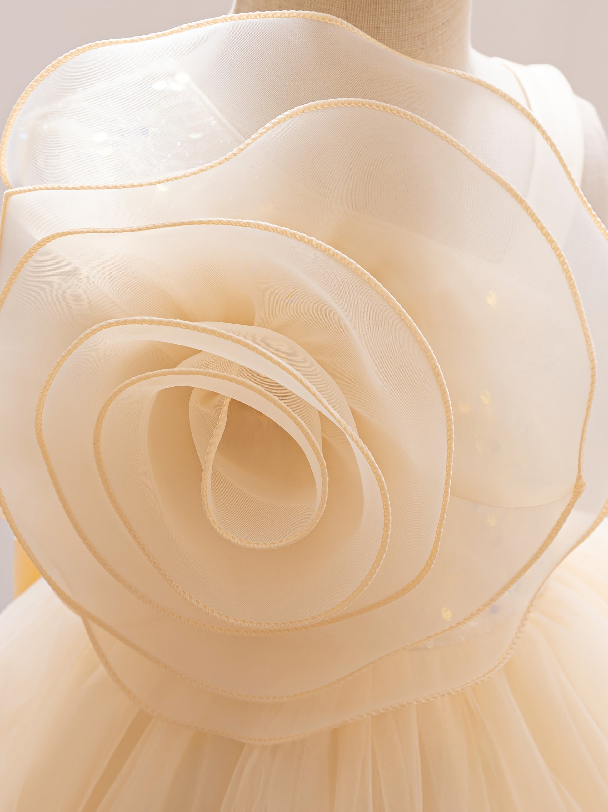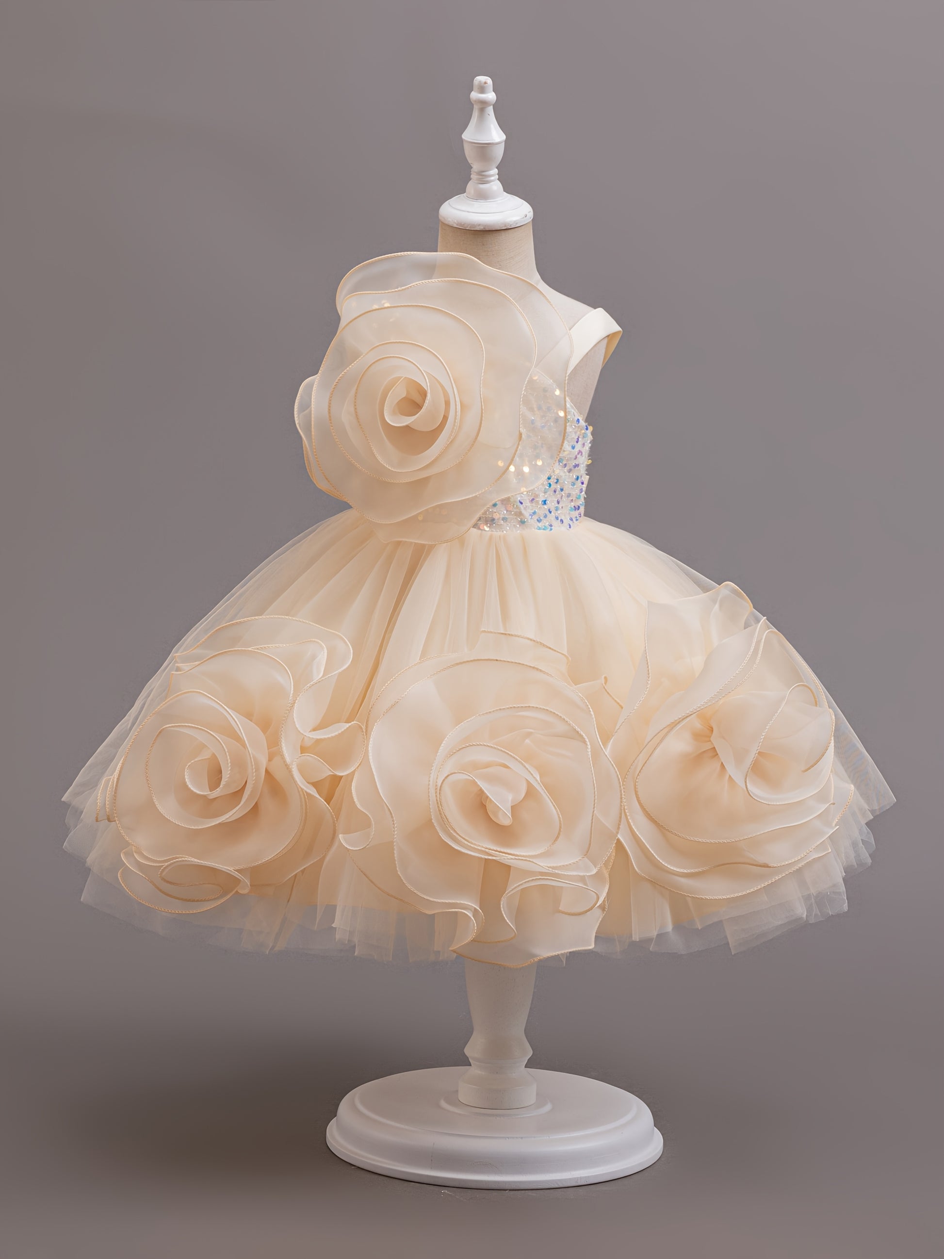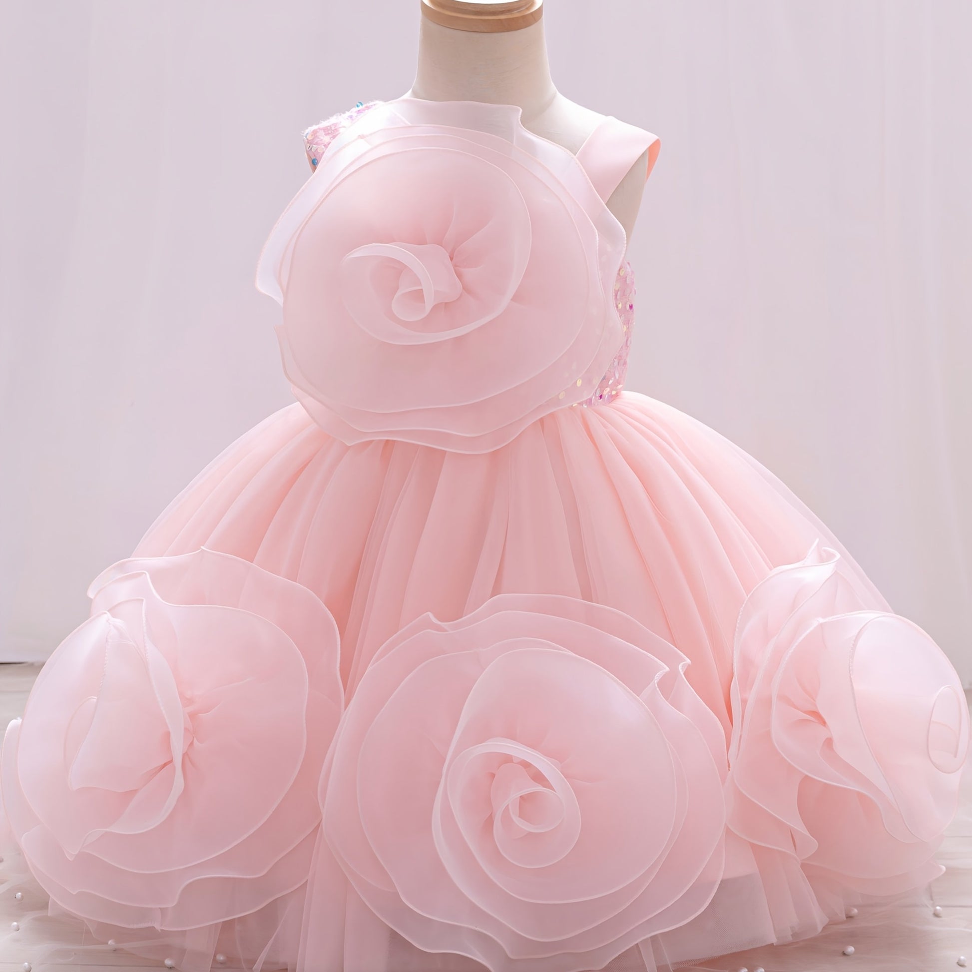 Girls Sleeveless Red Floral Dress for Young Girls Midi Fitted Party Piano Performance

^^^^

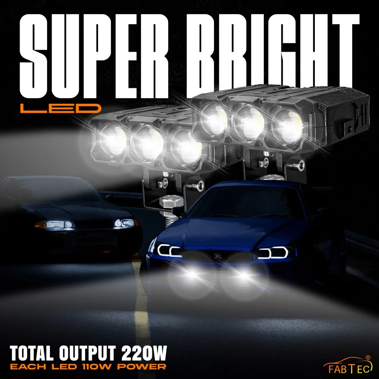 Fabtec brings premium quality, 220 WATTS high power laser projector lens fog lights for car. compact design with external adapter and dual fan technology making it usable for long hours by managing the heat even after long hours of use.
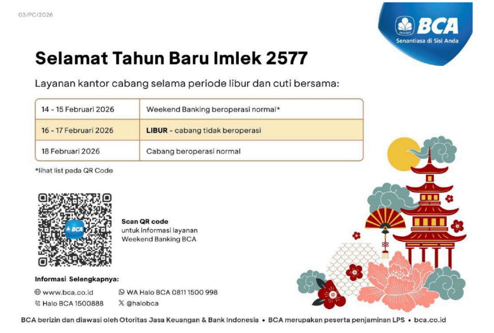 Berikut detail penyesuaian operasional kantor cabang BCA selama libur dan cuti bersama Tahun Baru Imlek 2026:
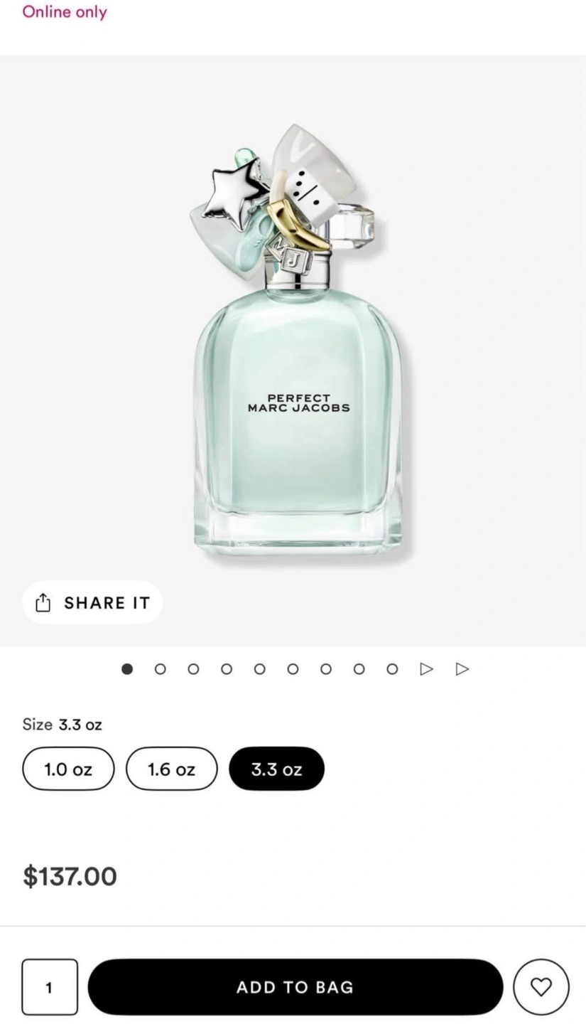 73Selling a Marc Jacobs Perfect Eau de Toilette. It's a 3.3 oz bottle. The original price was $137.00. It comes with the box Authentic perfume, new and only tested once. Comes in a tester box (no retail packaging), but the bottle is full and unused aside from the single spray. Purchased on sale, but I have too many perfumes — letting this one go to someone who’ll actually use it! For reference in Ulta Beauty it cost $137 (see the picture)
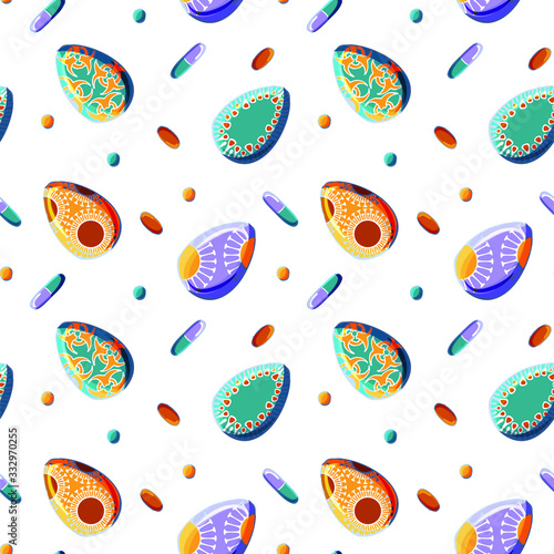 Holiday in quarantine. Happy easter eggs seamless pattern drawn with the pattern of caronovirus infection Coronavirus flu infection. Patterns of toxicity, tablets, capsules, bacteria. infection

^^^^

◆ Aim of the task ◆
Going back to the data above, write out everything from the line with "Fabtec brings premium" down to the line with "Berikut detail penyesuaian", both included, leaving every picture out.

◆ Solution to this problem ◆
 Fabtec brings premium quality, 220 WATTS high power laser projector lens fog lights for car. compact design with external adapter and dual fan technology making it usable for long hours by managing the heat even after long hours of use.
 Berikut detail penyesuaian operasional kantor cabang BCA selama libur dan cuti bersama Tahun Baru Imlek 2026:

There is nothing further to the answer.